╭─ DATA RECORDS
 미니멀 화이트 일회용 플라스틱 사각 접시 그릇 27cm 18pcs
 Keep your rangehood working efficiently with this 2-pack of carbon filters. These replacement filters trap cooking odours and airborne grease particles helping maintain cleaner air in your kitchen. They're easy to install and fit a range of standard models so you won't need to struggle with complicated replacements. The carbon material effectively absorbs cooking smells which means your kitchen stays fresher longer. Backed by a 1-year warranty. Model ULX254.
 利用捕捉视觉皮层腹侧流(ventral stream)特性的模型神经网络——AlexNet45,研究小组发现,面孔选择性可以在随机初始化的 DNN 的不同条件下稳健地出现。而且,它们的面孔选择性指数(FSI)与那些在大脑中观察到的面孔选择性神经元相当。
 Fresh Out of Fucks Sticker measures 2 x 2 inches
╰─
╭─ DATA RECORDS
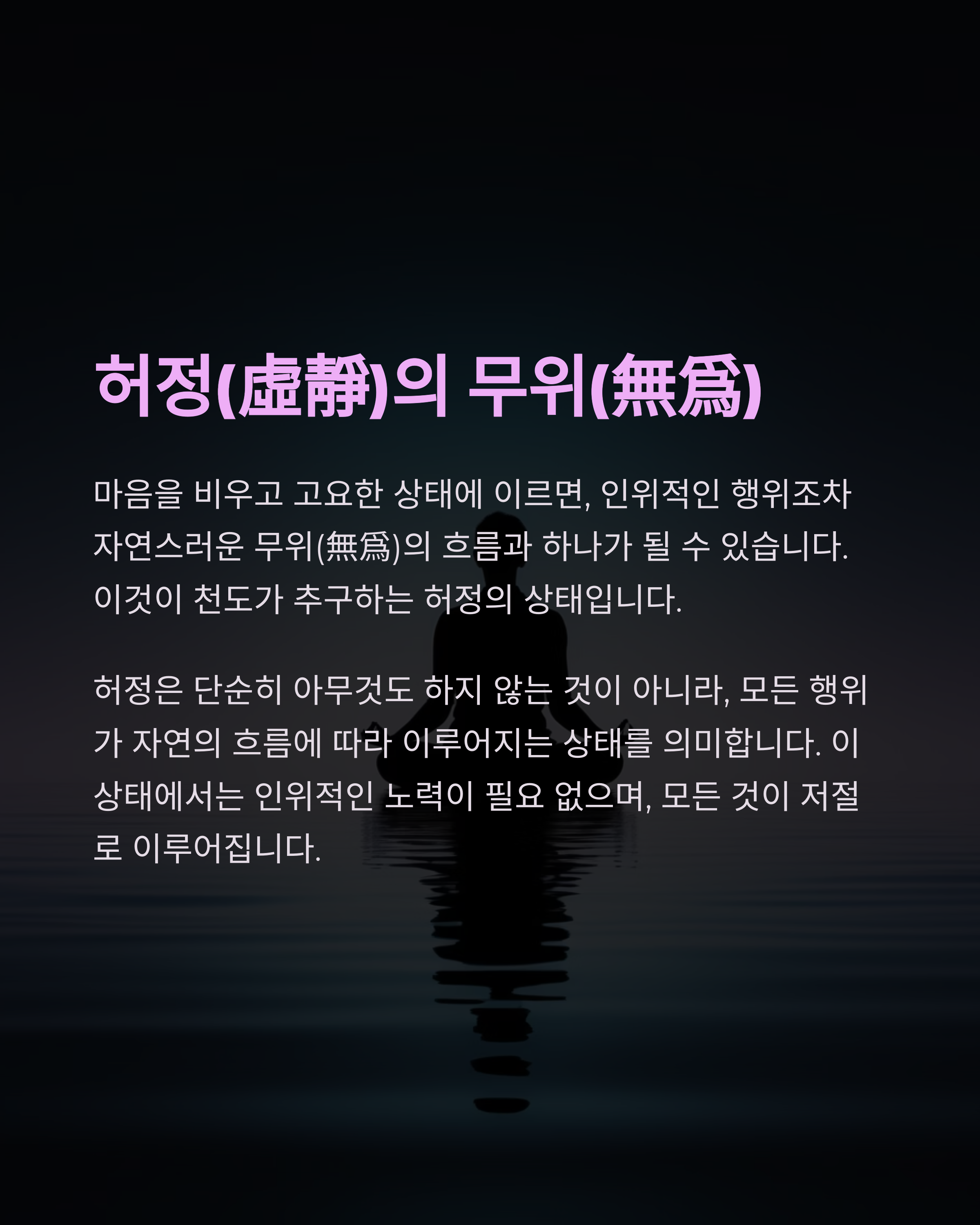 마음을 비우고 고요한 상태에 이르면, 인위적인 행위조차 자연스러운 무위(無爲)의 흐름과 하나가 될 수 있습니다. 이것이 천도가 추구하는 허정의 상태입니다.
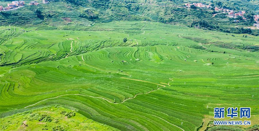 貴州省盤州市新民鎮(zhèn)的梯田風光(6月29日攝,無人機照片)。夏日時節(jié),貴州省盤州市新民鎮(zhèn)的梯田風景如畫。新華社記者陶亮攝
╰─
EXERCISE GOAL
From the entries above, restate word for word the lines from the line containing "미니멀 화이트 일회용 플라스틱 사각 접시 그릇 27cm 18pcs" to the line containing "Fresh Out of", both ends included, and nothing more.

ANSWER TO THIS EXERCISE
 미니멀 화이트 일회용 플라스틱 사각 접시 그릇 27cm 18pcs
 Keep your rangehood working efficiently with this 2-pack of carbon filters. These replacement filters trap cooking odours and airborne grease particles helping maintain cleaner air in your kitchen. They're easy to install and fit a range of standard models so you won't need to struggle with complicated replacements. The carbon material effectively absorbs cooking smells which means your kitchen stays fresher longer. Backed by a 1-year warranty. Model ULX254.
 利用捕捉视觉皮层腹侧流(ventral stream)特性的模型神经网络——AlexNet45,研究小组发现,面孔选择性可以在随机初始化的 DNN 的不同条件下稳健地出现。而且,它们的面孔选择性指数(FSI)与那些在大脑中观察到的面孔选择性神经元相当。
 Fresh Out of Fucks Sticker measures 2 x 2 inches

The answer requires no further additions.